WFP Activities
Operations
WFP Offices
Threats to food security
- High population density
- Deforestation
- Soil erosion
- Low agricultural productivity
In Rwanda, WFP provides food assistance through a Protracted Relief and Recovery Operation (PRRO), Development Programme (DEV) and Food For New Village (FFNV) to improve the living conditions and nutritional status of food insecure households as well as upholding their human dignity.
The Protracted Relief and Recovery Operation aims at meeting food needs of 116,000 beneficiaries for the entire project life till 2014. In 2013, the PRRO targets to feed 89,000 beneficiaries including 67,000 refugees, 15,000 Rwandan refugees returning home and 7,000 school children from the community around refugee camps. The most vulnerable segments of the population in the refugee camps also receive additional rations under safety net interventions to increase their nutritional status. These groups include pregnant and lactating mothers, malnourished children and people living with HIV/AIDS on ART.
WFP provides food assistance to 84,000 primary schoolchildren in food-insecure districts of Nyamagabe and Nyaruguru in Southern Province through a hot midday meal consisting of beans, maize, vegetable oil and salt. WFP feeds three days per week while the community feeds two days per week. A key element is the technical capacity building of government counterparts in managing the programme.
WFP also purchases food commodities locally, part of it from small holder farmers and also build capacity to these farmers to produce more for more.
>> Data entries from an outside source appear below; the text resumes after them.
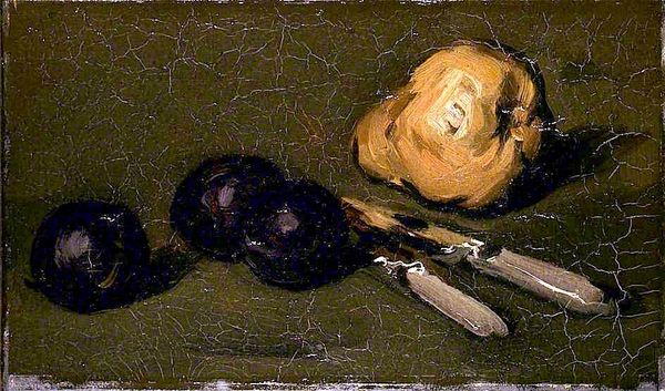 Editor: Here we have Jamie Wyeth's "Pot," created in 1969 using oil paint. It has a still-life quality to it; I’m struck by the contrast between the darkness and the intense bright color of the bird inside the pot. How would you interpret Wyeth’s composition here? Curator: Note how the artist deploys a relatively restricted palette, achieving textural contrast between the metallic pot and the feathered plumage. The artist presents us with a tension, not merely between light and dark tonalities, but between geometrical order, exemplified by the vessel's curves, and a more baroque sensibility as witnessed in the cascade of light reflecting off the bird. Consider too the positioning of the light source which appears to emanate not just from one location but diffuse throughout the space surrounding the titular "Pot." This evokes in the viewer a tension between illumination and obscurity and is in effect an epistemological gesture. Editor: So, the tension between these shapes, textures, and the distribution of light, speaks to a more philosophical exploration. Curator: Precisely. It prompts a kind of phenomenological engagement with what one may even be willing to term 'domesticity'. Editor: That’s an interesting point. Looking at it now, the dark background and confined space within the pot create a sense of confinement or perhaps unease. I had originally thought it was a simple still-life painting. Curator: Formalism demands a certain amount of rigor when dealing with signifiers like these. It's only with patience that these things yield a return for those willing to look closely. Editor: I definitely see this painting differently now. Thanks for illuminating that for me. Curator: It has been my distinct pleasure.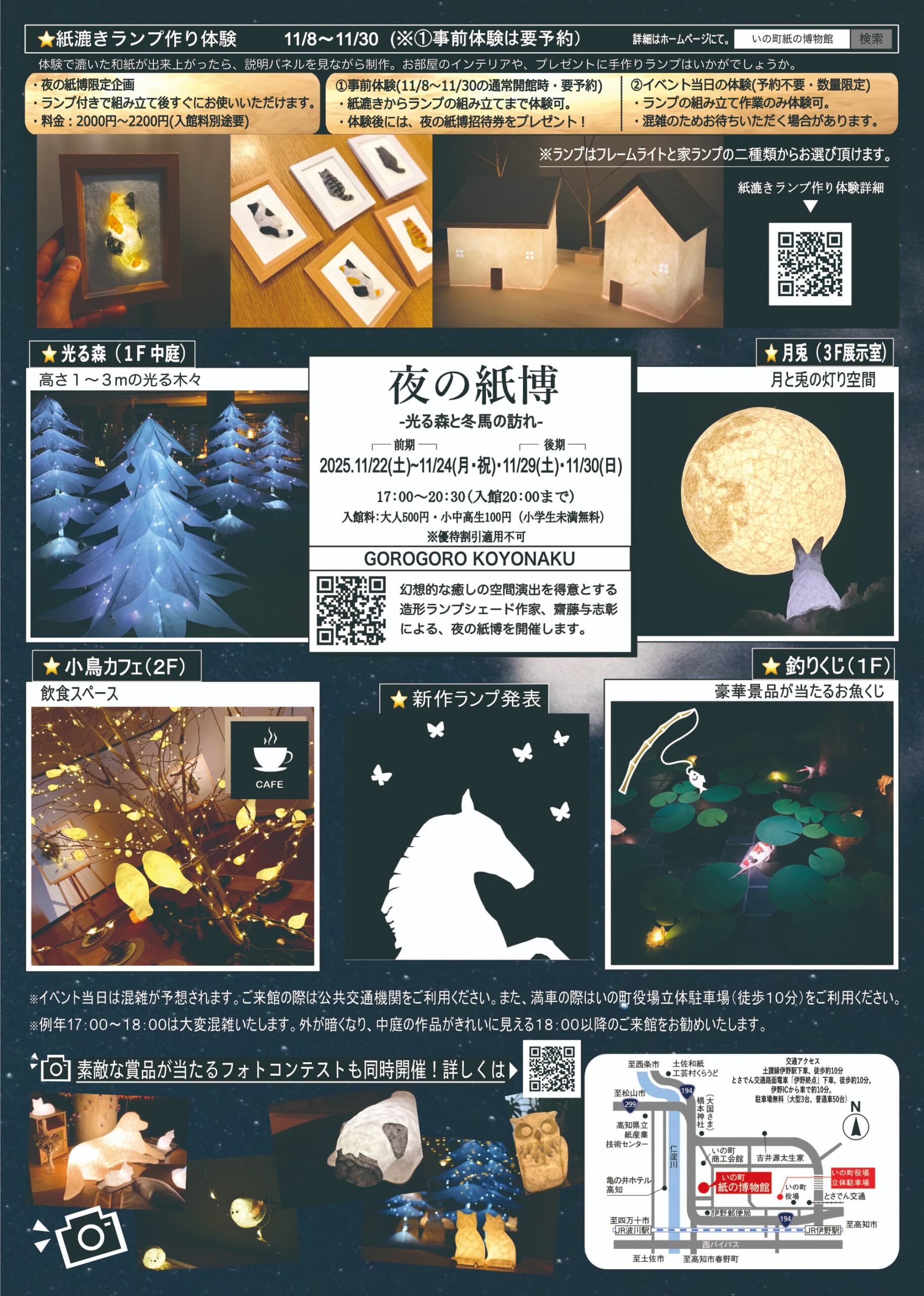 さらに、親子でいっしょに作れる「ランプ作りワークショップ」や、やさしい灯りに包まれて過ごせる「和紙灯りカフェ」もオープン。大人も子どもも楽しめる夜のイベントです。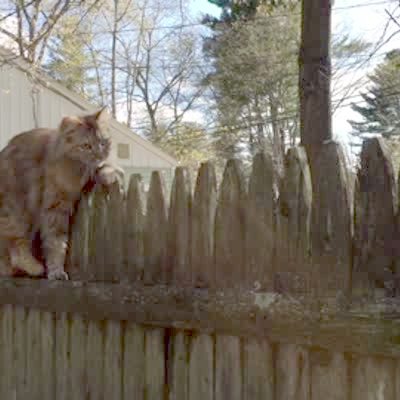 A cat walks funny along the top of a fence in the yard and uses one paw to hold the top of the posts.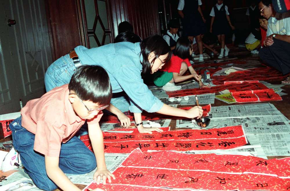 1995年,馬來西亞小書法愛好者揮筆獻(xiàn)技,書寫漢語條幅。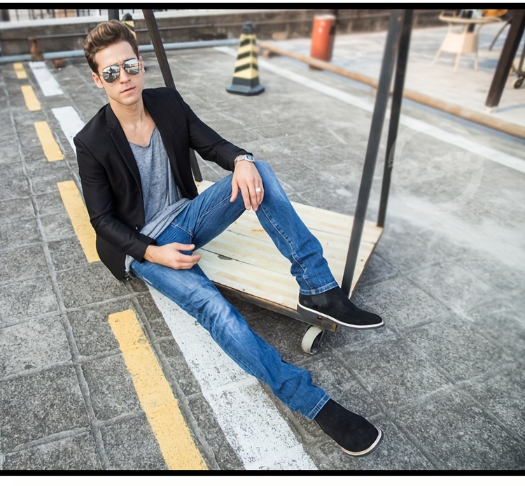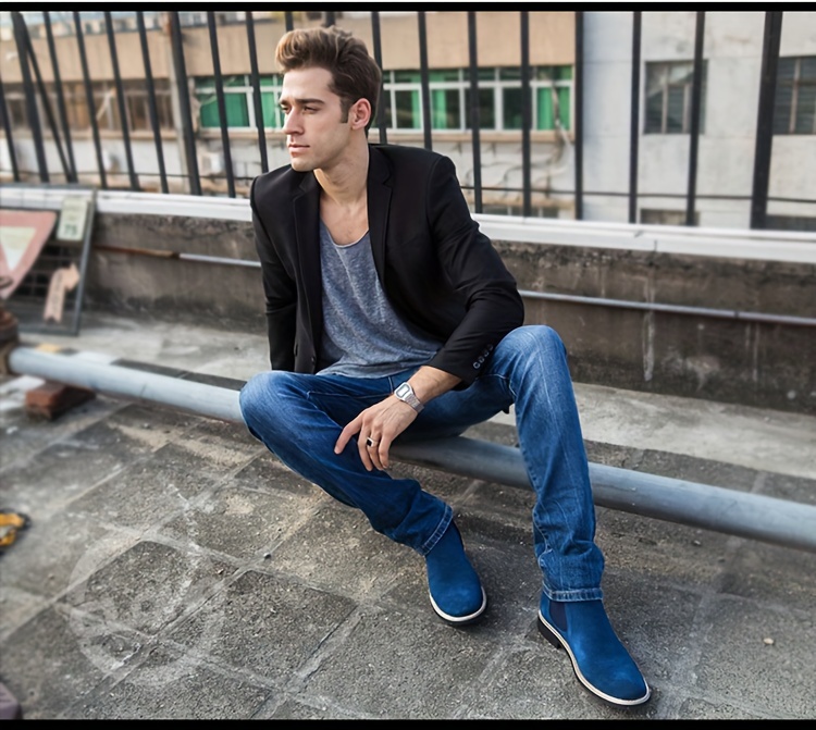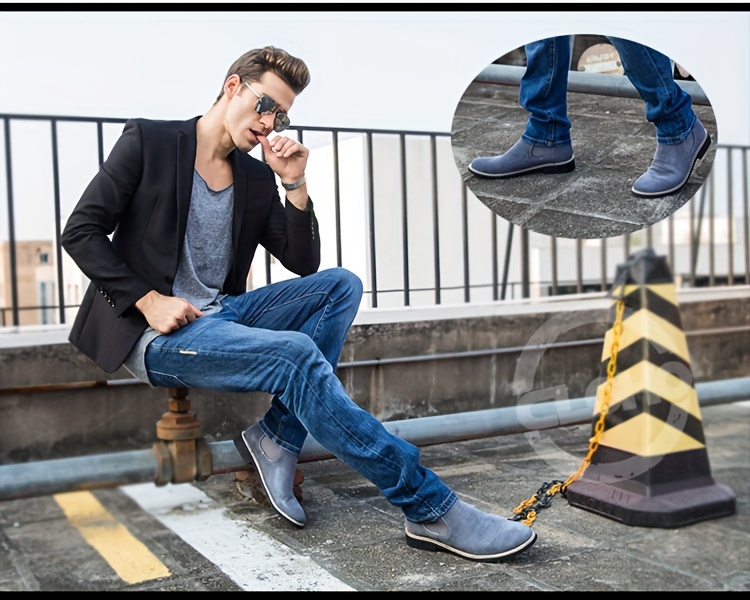 Men's Boots - Upper, Rubber Sole, Slip-On Ankle Boots in Black, Blue, or Gray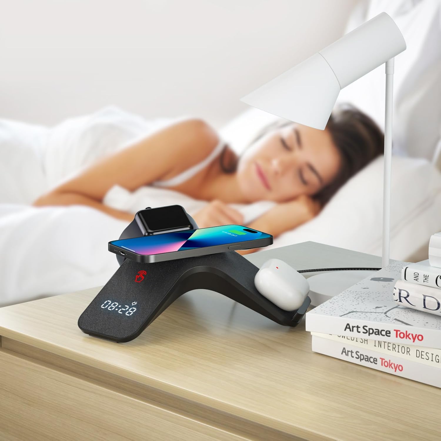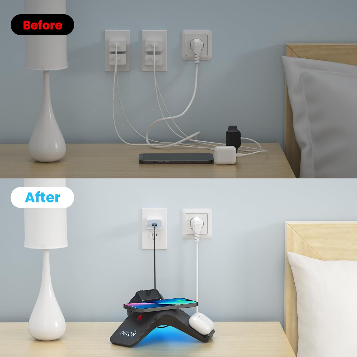 - 【7-Color LED Light & Bluetooth Clock】The wireless charger station has built-in LED lights with 7 colors that can be switched according to your mood or create a soothing atmosphere. After connecting your phone to the wireless charger via Bluetooth, you can calibrate the time. [Note] This product does not have an alarm clock function.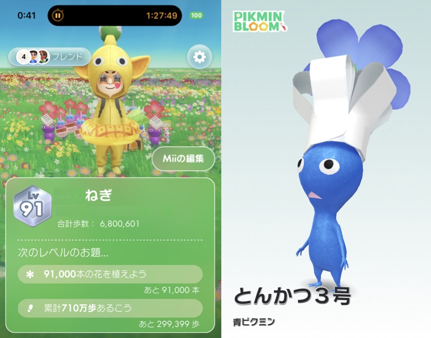 一方,我が家のトップを走る次男は1,100万歩も歩いてるのにまだLv98のまま.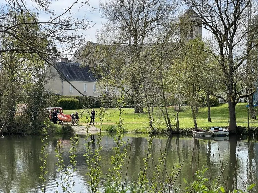 Le reflet dans le Loir du clocher de Sainte-Colombe marque l’endroit d’où l’ancienne cloche sonnerait sous l’eau. © Yanne Boloh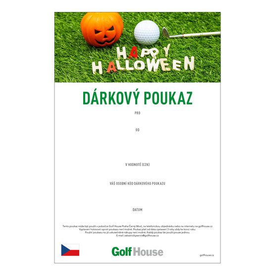 Poukaz který si můžete sami vytisknout v Golf House je to pravé, čím můžete golfistovi snadno udělat radost. Stačí si vybrat správný design, zadat požadovanou hodnotu v rozmezí od 150 do 25 000 Kč a případně připojit krátký text nebo pozdrav. Poukaz lze uplatnit ve všech pobočkách Golf House v České republice včetně telefonických objednávek nebo v objednávce našeho e-shopu na adrese www.golfhouse.cz. Ihned po obdržení platby vám bude voucher zaslán na e-mailovou adresu ve formátu PDF k vytištění. Pokud si zakoupíte více poukazů, obdržíte každý poukaz v samostatném e-mailu... Pokud potřebujete poukaz v hodnotě vyšší než 25 000 Kč, kontaktujte náš zákaznický servis.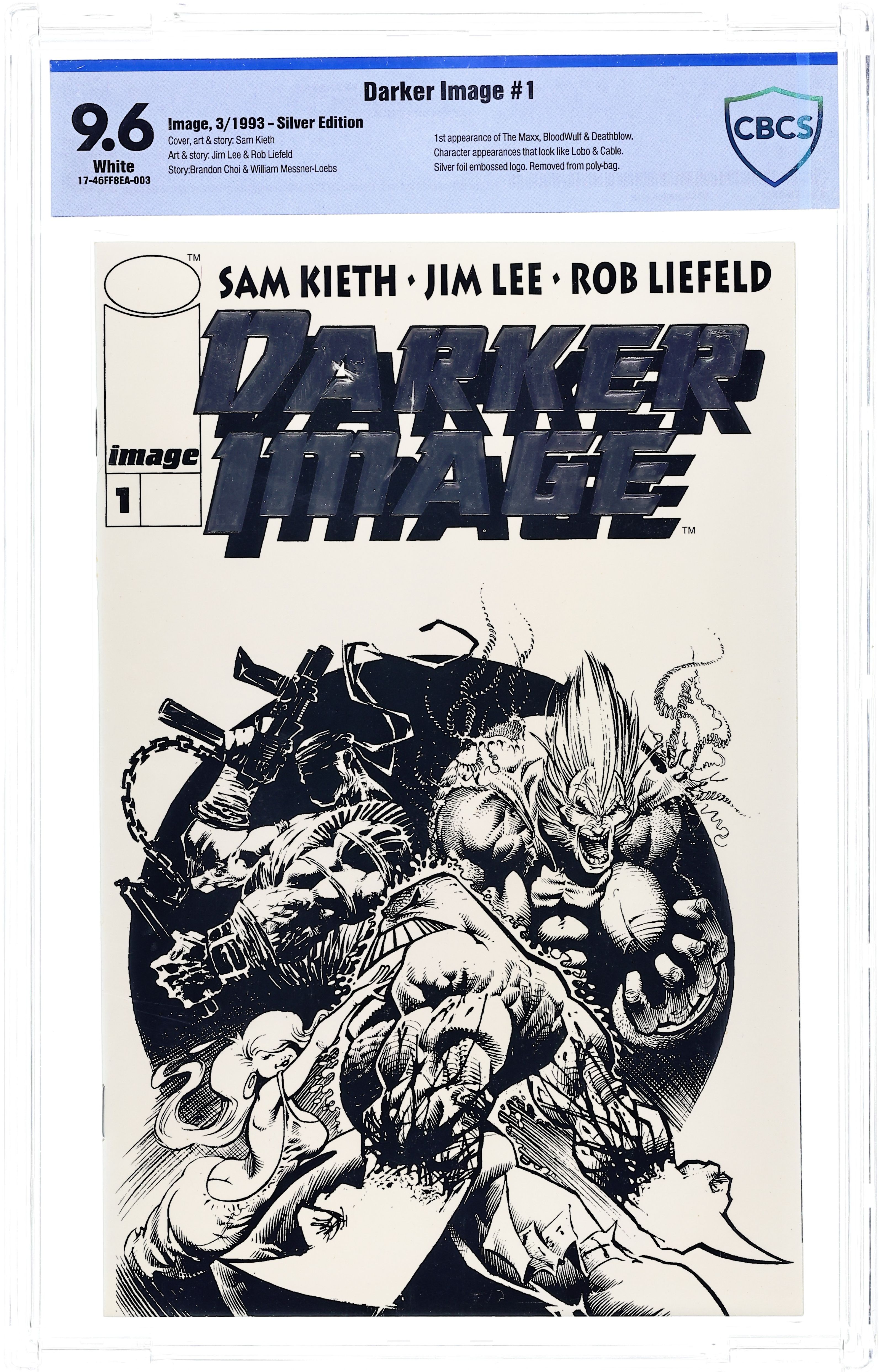 Variant blue cover. Cover pencils by Marc Silvestri, inks by Matt Banning (as Batt). "Coming Of Age," script by Garth Ennis, pencils by Marc Silvestri, inks by Matt Banning (as Batt); In New York City, Jackie Estacado is introduced as he stalks an undisclosed person for his "Uncle" Frankie Franchetti; The pair suspect that this man has been cheating the Franchetti Crime Family and decide on a whim that he would be better off dead; Jackie crushes the man with his sports car and shoots him several until he's dead; The Brotherhood of Darkness and a group of Angelus' warriors attack Jackie. "I Hope You've Enjoyed The Darkness" article by Marc Silvestri, pencils by Silvestri; Silvestri describes the making of the series. 36 pgs., full color. Cover price $2.50.

WFP plans to purchase around 95,000 mt of food commodities from Rwanda in 2013 through Purchase for Progress (P4P) and Forward Purchase Facility (FPF), part of it will be purchased directly from the small holder farmers. This is in line with WFP’s objective to ensure sustainable food security in Rwanda.
Last year, WFP provided food assistance to 442,000 beneficiaries in Rwanda. In 2013, WFP is targeting to feed 175,000 beneficiaries through Protracted Relief and Recovery operation (PRRO), Food for New Village project and Development programme (DEV). WFP will also implement the Common Country Programme (CCP) together with UNDP, UNFPA, UNICEF and UNWOMEN. The new CCPD (starting July 2013) will focus on strengthening the capacity of the government of Rwanda in Food Security Analysis, Disaster Risk Reduction, P4P approach for government procurement, and home-grown school feeding. The CCPD will also pilot interventions to prevent chronic malnutrition and implement labour intensive asset creation works such as terracing. In addition to the Kigali country office, WFP Rwanda country office has a sub-office in Huye and a field office in Ngoma.